My God, these family members!!

Nurses Relations

Published

They are just killing me. Why is it that so many of them feel so entitled to sit in their aging parents rooms and just boss us nurses to HELL and back, while they sit there, fully able to do much of what we're doing for their parent, but simply do NOT have the time to do when we have other patients and issues to deal with. i MEAN -- can't they get mom up at least perhaps ONCE during the day? Does it have to be a nurse doing it every single time, ten times a day??

I just came off a shift tonight where I literally waitressed all day long, making and fetching coffee and water and 100 millions cups of juice for these patients (because we're always short a tech) -- and a patient's daughter was literally screaming at nurses at change of shift to come in and do something or other for her mother. It was absolutely NOT an emergency. (She was actually screaming -- "Good thing it WASN'T an emergency!!" These people have been on our unit for over 2-3 weeks, running every nurse on the unit ragged. Their mother is far over 80 years old and is only going to head to weeks of rehab after being on our unit. They want a private nurse -- that is what they want and need. But they can't get that on a floor. I think their call light was on for perhaps five minutes, max.

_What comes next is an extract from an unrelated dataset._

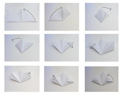 每一张正方形的纸折一个花瓣,每五个花瓣组成一朵小花。折好五个花瓣后,用胶带纸粘成一朵小花。

I am just SO tired of family members not understanding what we do -- and our managers from the floor to the corporate headquarters not backing us up to explain it to them. We are simply to treat everyone as our "family members" and go above and beyond 1000 percent of the time. Who goes above and beyond FOR NURSES??? DOES ANYONE???

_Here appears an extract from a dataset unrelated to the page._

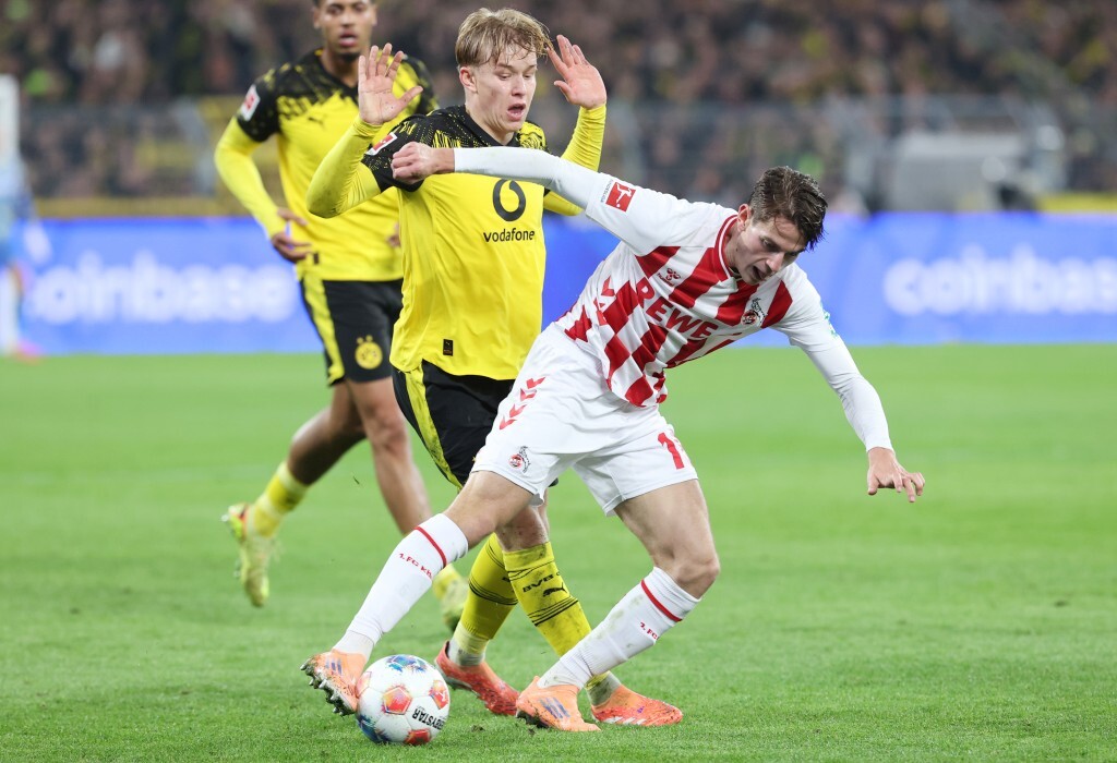 Danach dauerte es etwas, bevor es das nächste Highlight zu sehen gab. Zwar hatte der BVB das Spiel im Griff und machte einen insgesamt guten Eindruck (einzig Anton fiel in der ersten Halbzeit immer mal wieder negativ auf), brachte aber auch nicht allzu viel zustande. Außer ein paar spektakuläre Verteidigungslücken. Während die ersten zwei Male der Kölner Spieler gerade noch rechtzeitig abgefangen werden konnte, lief er beim dritten Mal alleine auf Kobel zu. Der darf sich seinen Teil beanspruchen an der Tatsache, dass dies kein Tor geworden ist, der größte Dank geht allerdings an den Kölner Stürmer, der den Ball neben den Pfosten setzte. Das war sie dann auch, die größte und beinahe auch letzte Chance der Gäste.

We have no private space to do our charting, we are like fish in a bowl for these family members. If they see you at the nursing station -- that's it. They are ON YOU like flies. If they don't have a reason to bug you, they will find one. So, you don't get your charting done on time and are left to stay after a shift for an hour.

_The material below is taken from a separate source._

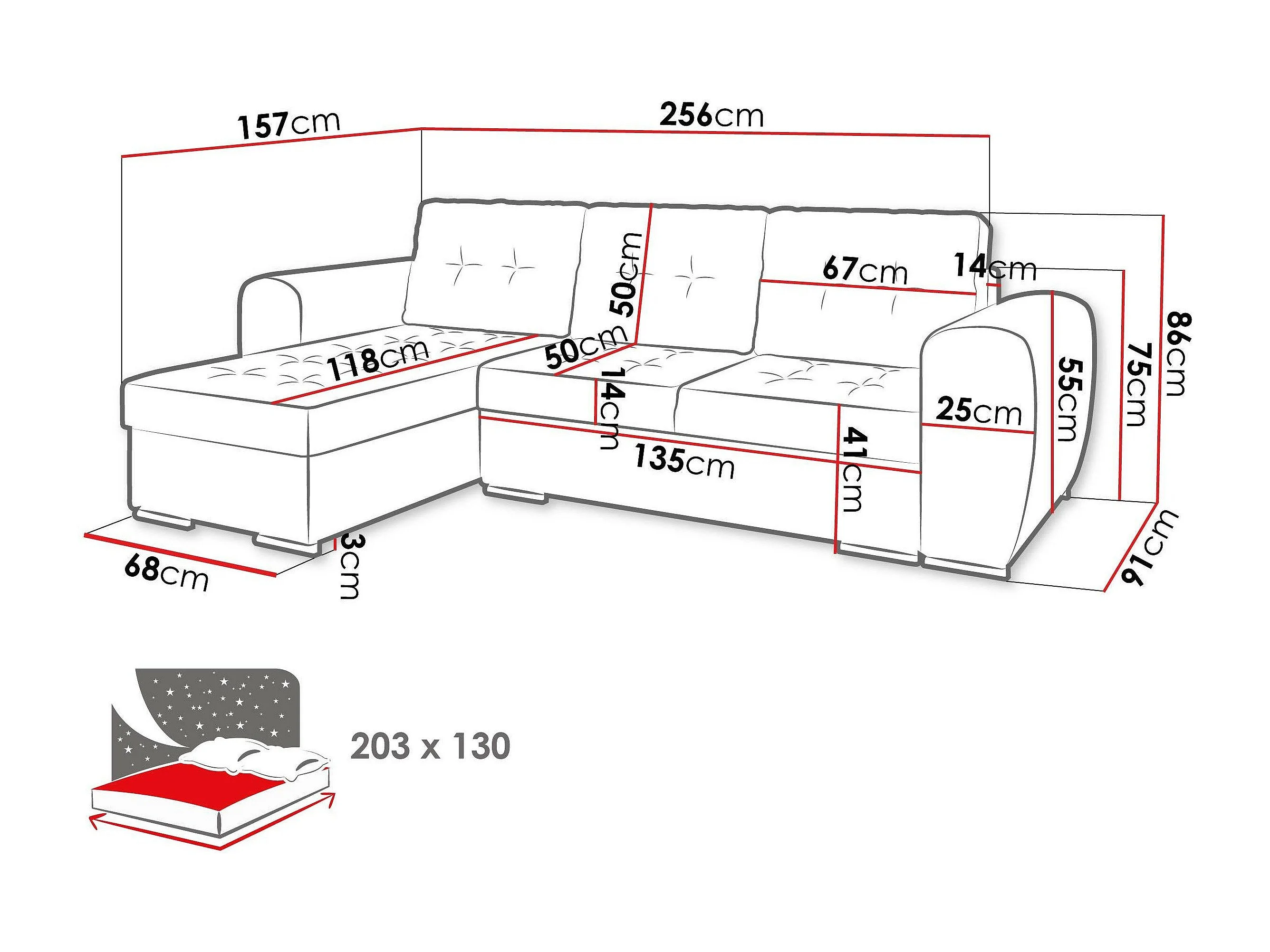 Sofá rinconero Muncie 109, Marrón, Función de descanso, Almacenaje, 256x157x86cm

I am just so tired of it. So burnt out. Is it any wonder why they can't keep nurses for long? I mean -- come on, management -- take a LOOK at what you are doing to nurses nowadays. Put some LIMITS, please, on these family members. It is OUT OF CONTROL. :madface:

Specializes in Psychiatry.

Dang!

I knew I should have minored in hospitality management.... :lol2:

Specializes in school nursing.
I might have charted something like "Summoned to room, requests ginger ale. States he has been waiting for "over an hour". This nurse explained inability to immediately fulfill request due to emergent situation, but offered to do so now. States "I don't care, you *****. I wanted a drink and I am putting your name on my survey because I am dissatisfied!" Ginger ale provided, no further requests at this time. Will continue to monitor." :D

Love your way of thinking!

Actually, this is one (of many) reasons I left hospital nursing. It takes a lot of sweat and high level of critical thinking skills to even make it through nursing school. If I wanted to be a waitress .......I would have saved lots of time, money, and heartache and just gotten a job at Chili's!:angryfire

New admits are oriented to how to use their call button.......but very little on when to use it. I understand the need for good customer service. However, I think things have gone a bit too far when we are geeting cussed out over a ginger ale.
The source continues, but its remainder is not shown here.